The General Duty Clause, found in the Occupational Safety and Health Act of 1970, has become increasingly important to employers in the last few years as OSHA has begun to utilize the clause in more and more of its penalty and enforcement actions. The following information describes the General Duty Clause and how it is being used by OSHA to ensure a safe work environment.
Section 5(a)(1) of the Occupational Safety and Health Act of 1970 requires that every working man and woman must be provided with a safe and healthful workplace. The section, more commonly known as the General Duty Clause, specifically states:
"Each employer shall furnish to each of his employees employment and a place of employment which is free from recognized hazards that are causing or are likely to cause death or serious physical harm to his employees."

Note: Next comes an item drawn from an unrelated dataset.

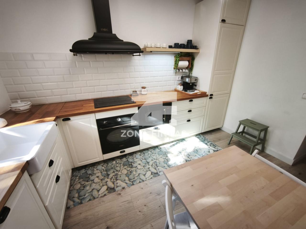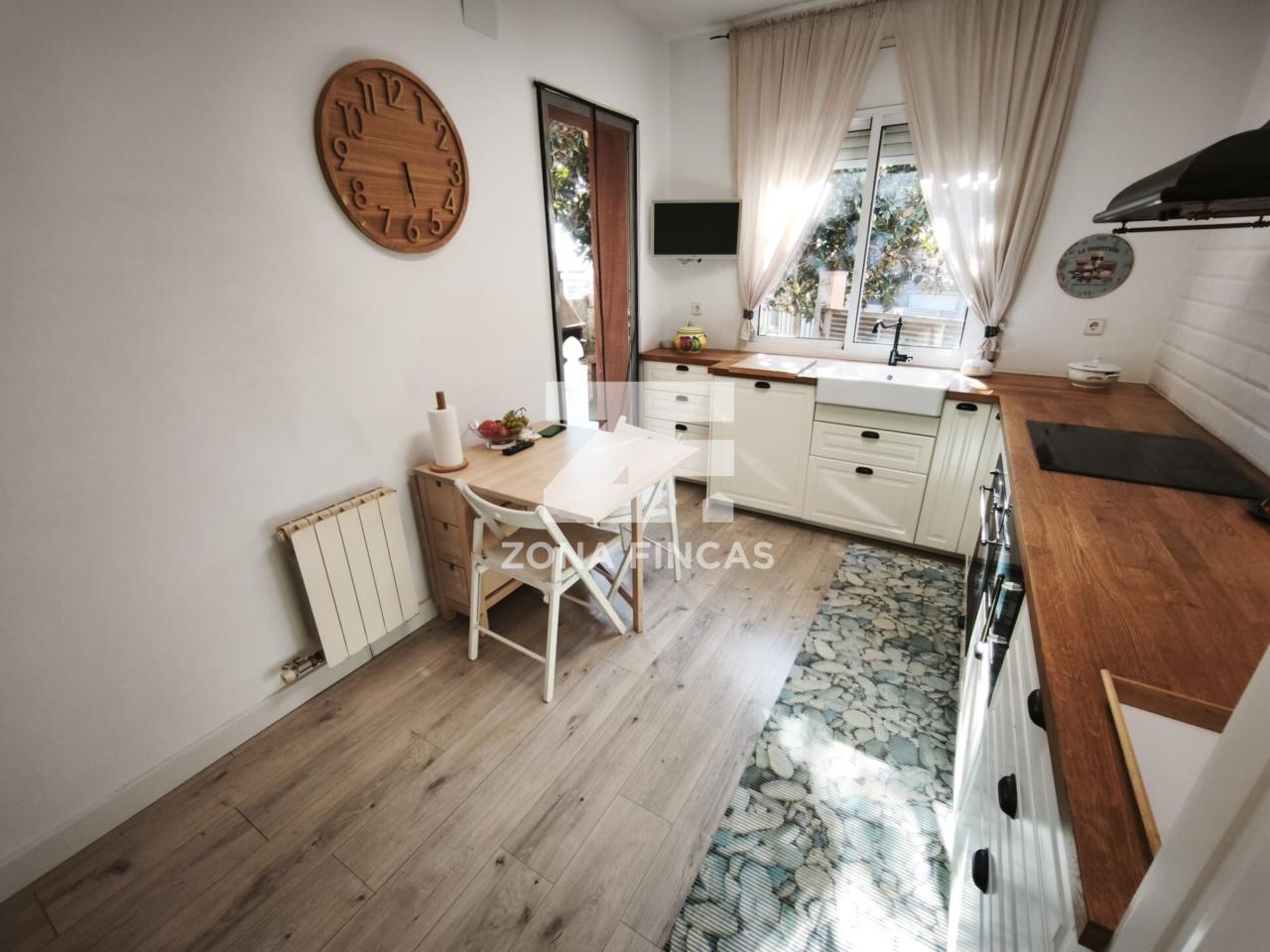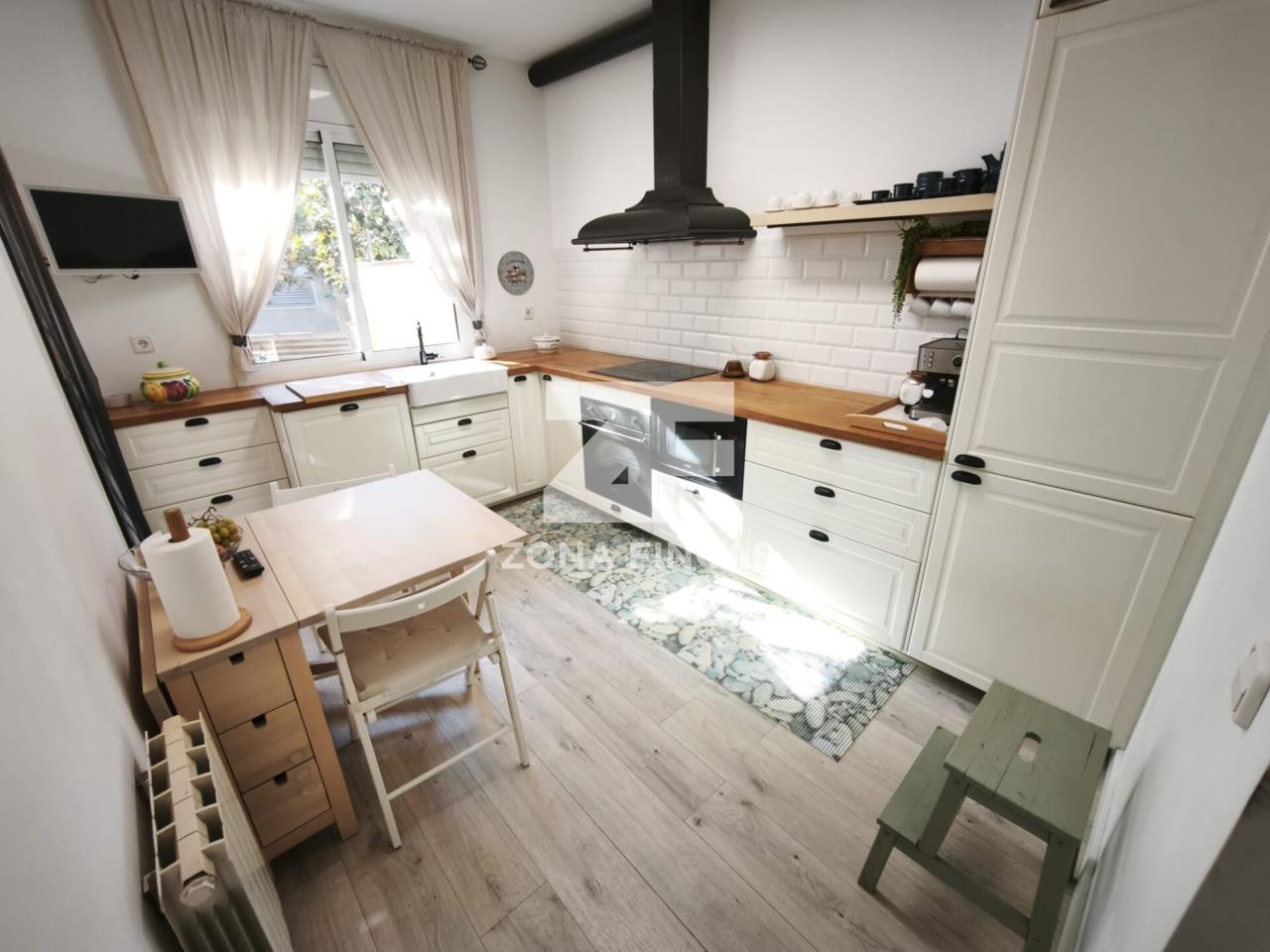 Desde la cocina se accede a un encantador porche que nos conduce a un jardín privado con barbacoa y zona de aparcamiento, un rincón perfecto para celebraciones, tardes de verano o simplemente para desconectar del día a día.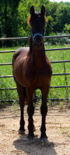 Pictures below taken at 6 days old. This colt had some diarrhea so was given IV's to make sure he did not get dehydrated. You can see the shaved part on his neck where the IV was inserted. He is strong and healthy and growing like a weed. He should end up over 16.1 hands and will have lots and lots of HAIR!

In simple terms, this statement means that you, as an employer, may be obligated to protect your employees from recognized hazards in the workplace even if there is not an OSHA standard which applies to the situation or if hazards still exist after compliance with a standard. In effect, the General Duty Clause obligates employers to take additional steps toward safety if the well-being of employees is in jeopardy.
The General Duty Clause extends OSHA's authority beyond the specific requirements of the OSHA standards when a recognized workplace hazard exists or potentially exists. Between 10/00 - 9/01, the General Duty Clause was used as the basis for 1,116 OSHA citations. Over $881,000 in penalties was collected as a result of these citations. The General Duty Clause is often used by OSHA when there is no specific standard which applies to a recognized hazard in the workplace. OSHA may also use the General Duty Clause when a standard exists, but it is clear that the hazards involved warrant additional precautions beyond what the current safety standards require.

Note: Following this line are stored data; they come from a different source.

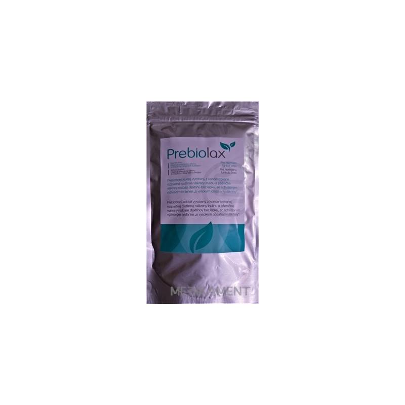 Prebiotický kokteil Prebiolax vyrobený z koncentrovanej rozpustnej rastlinnej vlákniny inulínu a pšeničnej vlákniny na báze dextrínov bez lepku, so schváleným výživovým tvrdením "s vysokým obsahom vlákniny".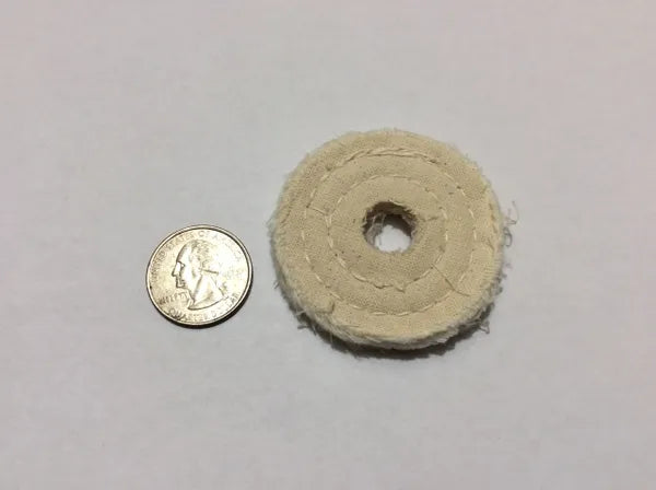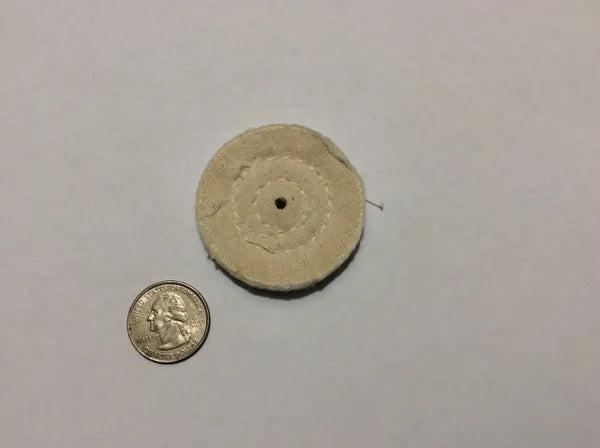 2" X 20 PLY White Cotton Buffing Wheel 2 Rows Sewn 20 plys of cotton, 1/4" Wide. Sewn in a spiral pattern from the center to the edge of the buff. These wheels are designed to be ganged together on the buffing machine shaft to build the desired thickness of the total buffing head. In other words put as many of these on the shaft to make the wheel as wide as you need it to be. They are a 1/4 inch wide so 4 wheels would make a 1 inch wide head or buff. The Pinhole center is for use on a tapered spindle or mandrel. These white spiral sewn buffs are great for all types of buffing and polishing. These wheels are good for use with all buffing compounds and polishes including greaseless compound. Great for a dremel or drill.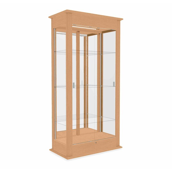 - Sleek lines and cove moldings accentuate the design of the oak display case

OSHA’s action on ergonomic hazards in the workplace is a good example of the application of the General Duty Clause in situations where a standard does not currently exist. There are no standards governing job or work station design to reduce or prevent cumulative trauma disorders or other injuries. However, OSHA has widely applied the General Duty Clause to address ergonomic hazards in the workplace. Typically in these situations, OSHA will discover ergonomic-related problems while reviewing a company’s accident and injury records. The highly publicized citations issued to several meatpacking plants for cumulative trauma disorders are an example of the use of the General Duty Clause to correct ergonomic hazards. The action in this area eventually led to the issuance of ergonomic guidelines for the meatpacking industry and consideration of a standard for the general industry.
OSHA has also issued General Duty Clause citations on other issues where no apparent safety standard exists. Citations have been issued for lack of training, failure to have additional safety or alarm equipment to detect or warn of chemical leaks, and failure to provide safe locations or safe access to valves or other instruments necessary to an employee’s job.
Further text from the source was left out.